Буйно, в разухабистых казачьих песнях, шла темная, глаз выколи, туманная и пасмурная ночь. Странно звучали под сибирским небом, под нависшими облаками эти разбойничьи песни, на звуки которых целились в южной тревожной ночи пушкари турецкого султана, со стен Бахчисарая и Очакова. Сложенные под стенами Азова, в ногайских степях, под огромными южными звездами, тревожные песни степных буянов и разбойников никак не вписывались в эту горную саянскую долину, в пасмурную погоду, в прохладу сибирской ночи.
Маралов давно пошел спать, умелось все семейство Андреевых.

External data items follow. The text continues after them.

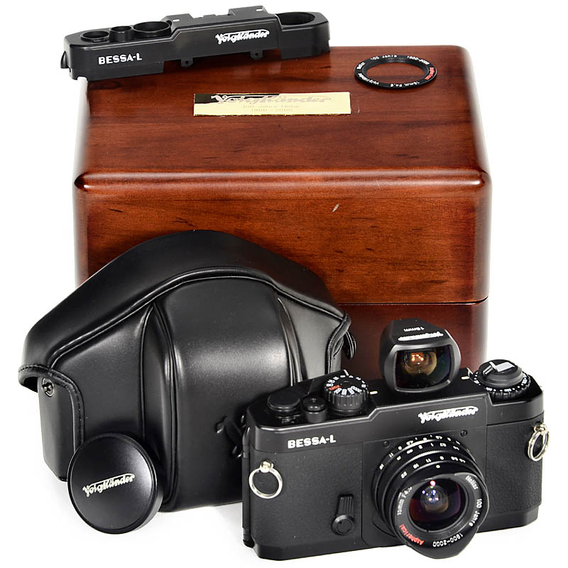 Voigtländer, Braunschweig. No. 116/500. With Heliar 4,5/15 mm Aspherical "100 Jahre 1900–2000", viewfinder. Complete with papers, wooden case and box. – Special bonus: Original cover plate for Bessa-L with special no. 1/500! With maker's case.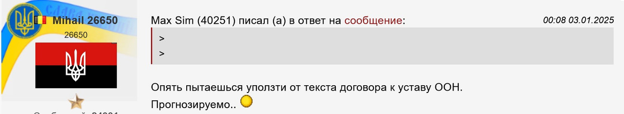 >> >> Опять пытаешься уползти от текста договора к уставу ООН. >> Прогнозируемо.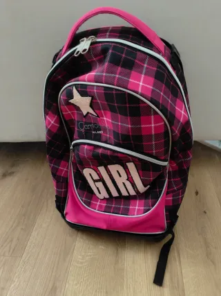 Zaino per la scuola con un vivace motivo a quadri rosa e neri, ideale per le ragazze. Presenta una stella glitterata e la scritta GIRL sul davanti. - Fantasia a quadri rosa e neri. - Stella glitterata applicata. - Scritta GIRL in rilievo. - Dettagli in fucsia.

Лесные мужики из Ключей давным-давно храпели на чердаках — для них и десять часов вечера было временем ужасно поздним. Только молодежь — Бродов и братья Мараловы, оставались с казаками, и лишь незадолго до утра молодежь незаметно отвалилась спать. Только один человек провожал казаков-пещерников: конечно же, неугомонный Михалыч.
Утро занималось ветреное, с тяжелыми тучами. Облака скрывали вершины гор, нависших над долиной Малой Речки, над домиками несостоявшегося рая земного. С первым светом непьющий, надежный Володя отправился прогревать двигатель; казаки, только что оравшие и пившие, казалось бы — неуправляемый сброд, мгновенно превратились в работников и солдат, начали с криком грузиться.
— Ты-то скоро в город?
— Нет, Валера… Я уж тут останусь отдохнуть. Пособираю грибов, искупаюсь…
Ни один человек уставшей, наработавшейся деревни не вышел на невероятный шум. Мертвым сном спали смертельно уставшие спасенные. Только Аполлинария вылезла из спального мешка, заковыляла к Михалычу: наверное, ребенок затеял под утро пописать. И так, держа на руке прильнувшую дочь, рассказывая что-то ей в щеку, Михалыч и махал уходящему в черные тучи вертолету, стоя в прозрачном темном полусвете, босиком на мокрой траве. После чего умыл ребенка ледяной водой из речки, поплескался сам… и каменно заснул на втором этаже баньки в окружении жены и выводка детей от двадцати до полутора лет.